Déjà 2 avis pertinents dans La misère sexuelle n’existe pas

  • Il est toujours difficile de répondre á un tel article…surtout quand on aurait pu (du…) l’écrire soi même 17 ans plus tôt. Voilà tu imagines mon âge aussi comme ça. J’adhère totalement même si la situation est différente, du moins physiquement. Que puis-je dire sinon que ce bonheur dure maintenant car la vie réserve bien des surprises, bonnes….mais parfois mauvaises.
  • Un autre blogger un peu geek
    Je ne l’ai pas vécu aussi longtemps, mais je l’ai vécu aussi, cette frustration intense. L’idée d’être trop gentil, et que les femmes choisissaient toujours les mauvais garçons.

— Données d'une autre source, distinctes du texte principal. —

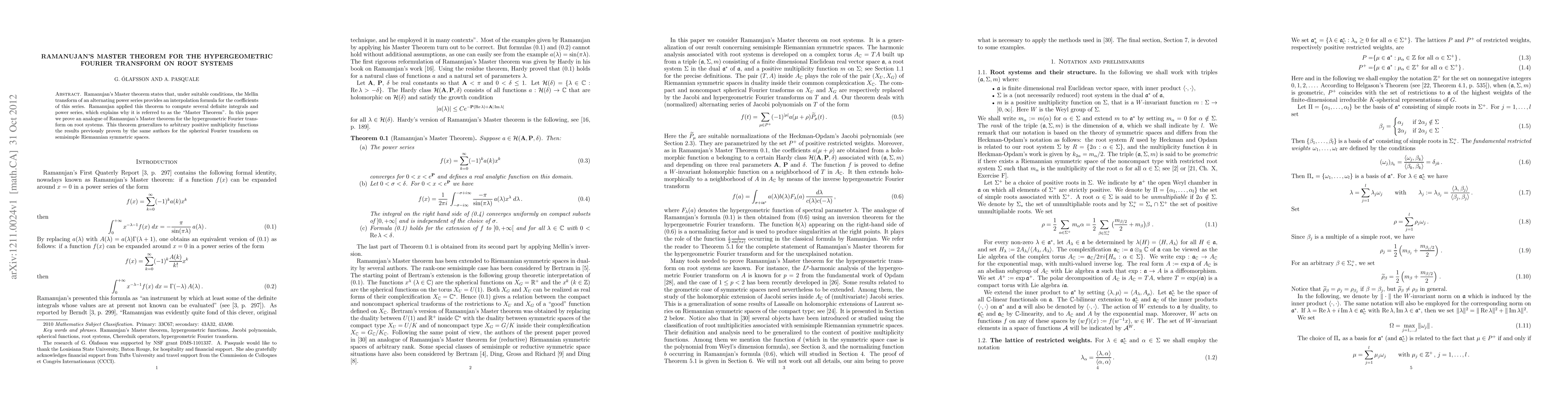 This paper proves an analogue of Ramanujan's Master theorem for the hypergeometric Fourier transform on root systems, generalizing previous results for the spherical Fourier transform on semisimple Riemannian symmetric spaces. The new theorem provides an interpolation formula for the coefficients of hypergeometric series under suitable conditions.

    Je n’ai pas beaucoup été aidé par une amie que j’ai tenté de séduire et qui m’a dit « tu seras jamais avec quelqu’un, il faut que tu deviennes plus macho ».
    Ca a vraiment fait très très mal car j’étais tiraillée entre l’idée de devoir changer ce que je suis ou accepter de continuer à être puceau en gardant mes principes.

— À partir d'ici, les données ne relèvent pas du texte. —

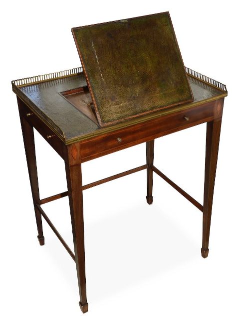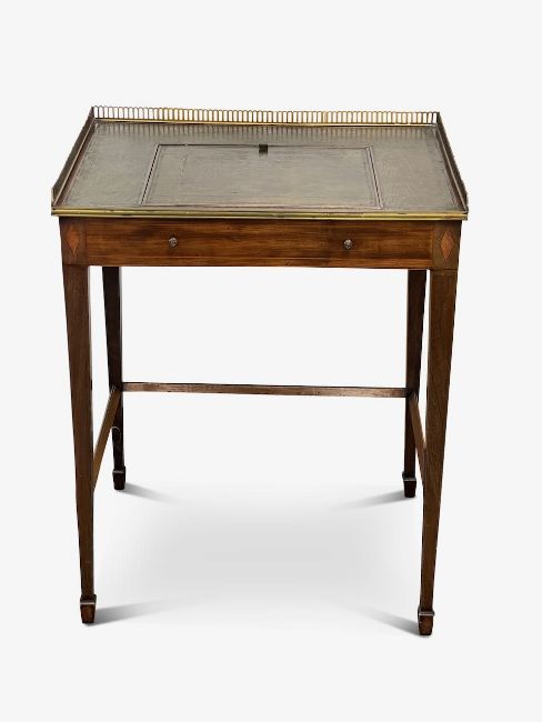 the brass galleried sides over a leather top with lift up reading slope, to a single compartment drawer, and two dummy drawers, raised on tapering supports united by a stretcher

    Au final, je suis aujourd’hui avec la femme de ma vie, qui est aussi la mère de ma petite fille de 2 ans.
    Alors oui, j’aurais aimé pouvoir lire un tel article ou avoir plus de témoignages pour comprendre que oui, c’est normal de jamais avoir été en couple au collège, lycée, voire même après. Et que non, les femmes ne sont pas stupides au point d’être irrémédiablement attirée que par ceux qui les font souffrir.